*** DATASET CONTENT Section Begins ***

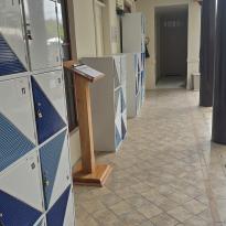 It’s typically a 15 minute walk to the university, but I give myself extra time to stop at my locker and drop off my swimming stuff. There are lockers both inside the building and in the quad outside. I picked an outside locker because of its proximity to both my classroom and the swimsuit rinsing station.
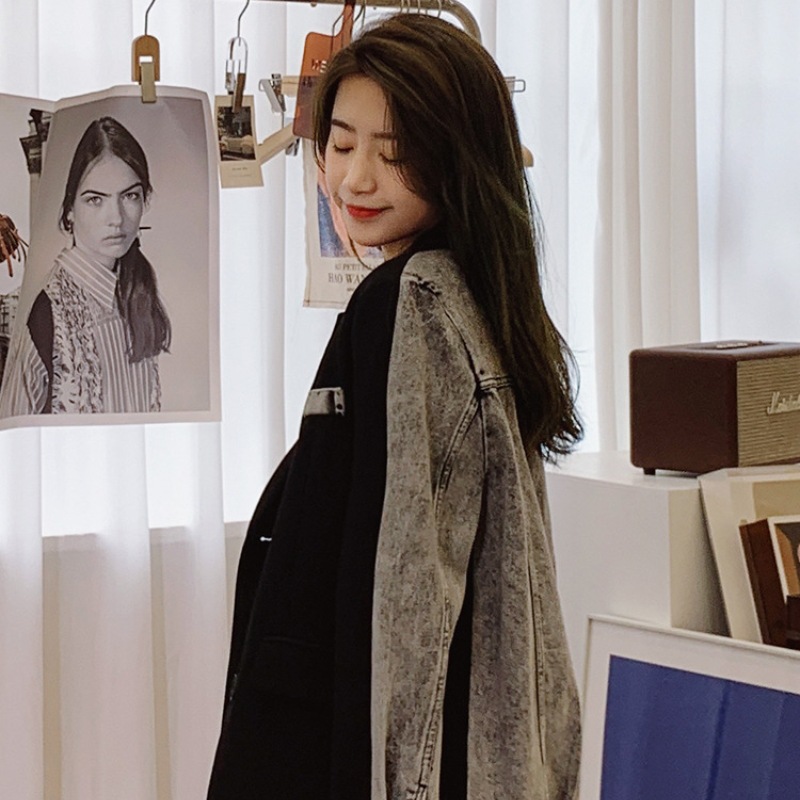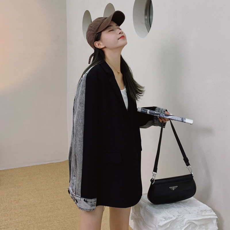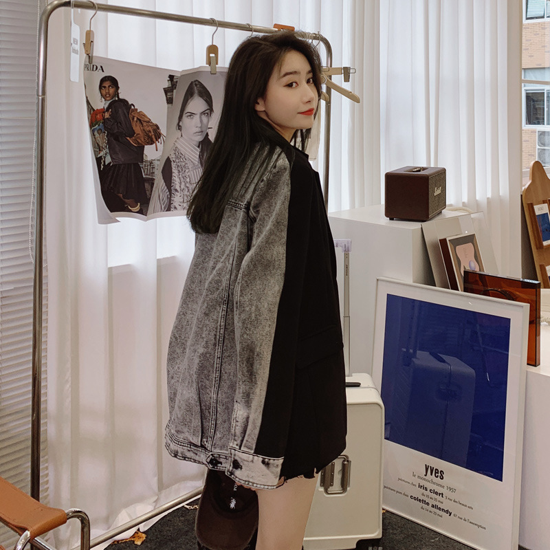 | nameOriginal | Real shot Denim Stitching small suit jacket for women Spring and Autumn 2024 new popular high-grade short top this year |
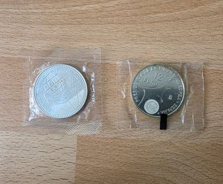 In vendita due monete commemorative da 12 euro, coniate in argento. Ogni moneta è protetta individualmente, senza essere aperta. - Moneta 1: Anno Internazionale del Pianeta Terra, Anno 2008. - Moneta 2: Presidenza dell'Unione Europea Spagna, Anno 2002.
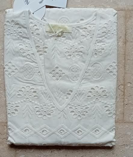 Noi di Notte collezione P.e. 2024. Abito corto da donna con scollo a punta e maniche a tre quarti. La lavorazione traforata tipo Sangallo lo rende un classico dell'abbigliamento mare ma non solo. Impreziosito da una leziosa finitura tipo smerlo su maniche e sulla parte al ginocchio.Tessuto 100% cotone. Confezione: busta in plastica. Prodotto made in China. Lavare in lavatrice max 30°centrifuga breve; non usare candeggina; stirare a 150°max; non lavare a secco, non usare Tumbler. Istruzioni di lavaggio al capo. Si consiglia un primo lavaggio con acqua fredda e aceto di vino bianco unitamente a una centrifuga molto leggera. Per le taglie diamo le seguenti indicazioni in centimetri : Torace XS82 S86 M90 L94 XL98 Vita XS64 S70 M74 L78 XL82 Bacino XS90 S94 M98 L102 XL106.

*** DATASET CONTENT Section Ends ***

ASSIGNMENT >> Using the data above, return the lines from the one holding "this year |" through the one holding "In vendita due" exactly, but not the pictures.

RESPONSE FOR THIS EXERCISE >>
 | nameOriginal | Real shot Denim Stitching small suit jacket for women Spring and Autumn 2024 new popular high-grade short top this year |
 In vendita due monete commemorative da 12 euro, coniate in argento. Ogni moneta è protetta individualmente, senza essere aperta. - Moneta 1: Anno Internazionale del Pianeta Terra, Anno 2008. - Moneta 2: Presidenza dell'Unione Europea Spagna, Anno 2002.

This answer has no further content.